Шли годы, и мысли мои все чаще обращались к одному предмету: следующему переходу. Закон мною нарушен дважды, и во втором случае пройдена точка невозврата. Такой грех не искупишь, однако мир-то не разрушился. Более того, даже не утратил цельности. Так что, если не считать отсутствия подходящего тела, ничто не мешало мне совершить очередной переход. Вопрос этот стоял передо мной неотступно, и даже в мирные часы отдыха на веранде толкал к тому, чтобы наблюдать, высматривать и планировать побег из узилища. Одно мне было ясно: следующий переход я не стану, в отличие от предыдущего, совершать второпях. Нужно подыскать подходящее тело и подходящий способ.

Когда девочка эта впервые попалась мне на глаза — она рядом с матерью, посудомойкой по имени Берта, шла через двор, — было ей всего-то лет двенадцать-тринадцать. Я тогда сидел в обычной позе, потягивая ром с мятой, лимонадом и льдом. Для меня сразу стало ясно: это девочка отличается необычайной сдержанностью, томной грацией, невозмутимостью и скромностью. Она была настолько самодостаточна, что, казалось, обитает в мыльном пузыре, который в любой момент может лопнуть. Но не лопнет. Ее будто бы окружало некое волшебство.

Раньше ее тут не было, пришлось наводить справки. Выяснилось, что зовут ее Жанной. До того ее на несколько лет сдали в аренду на соседнюю плантацию. Кожа у нее была светлее, чем у работников в поле, считалось, что отец ее Дезире, — ходили слухи, что Берта была его фавориткой. Полукровок не отправляли в поля, они работали в доме.

После того первого раза она стала попадаться на глаза мне довольно часто. Притом что сама она никогда не обращала на меня внимания, меня к ней будто приковало. Я следил за каждым ее движением. Она казалась одновременно и близкой, и далекой, будто знала все, что только можно знать, но была совершенно к этому равнодушна.

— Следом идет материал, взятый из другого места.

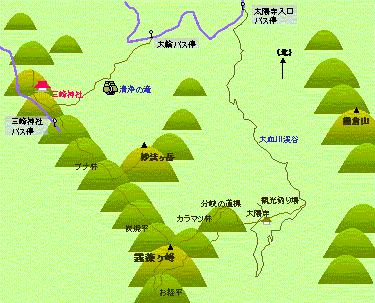 太陽寺へ降りるコースは尾根ぞいのコースとお経平を経由するコースの二つがあります。

Гортензия быстро распознала мой интерес к Жанне и невзлюбила ее. Несмотря на мою отталкивающую внешность, Гортензия по-прежнему пылала ко мне любовью — возможно, потому, что любовь эта так и не нашла удовлетворения. Она попросила отца убрать девчонку из дома, но Дезире в кои-то веки отказался потакать ее прихоти. Даже встал на мою защиту, назвав мое поведение доказательством того, что я настоящий полнокровный француз, и его это доказательство обрадовало, поскольку он всегда сомневался в моих мужских свойствах. Я, разумеется, все отрицал. На деле, у Гортензии были все основания ревновать, вот только она неверно истолковала суть моего желания. Бронзоватый оттенок девичьей кожи, сдержанность Жанны, ее юность, — когда я на нее смотрел, меня не одолевала похоть, поскольку мое огрузневшее тело давно уже не способно было к порывам страсти. То было узнавание. Она напоминала мне саму себя, ту девочку, которой я была много жизней назад.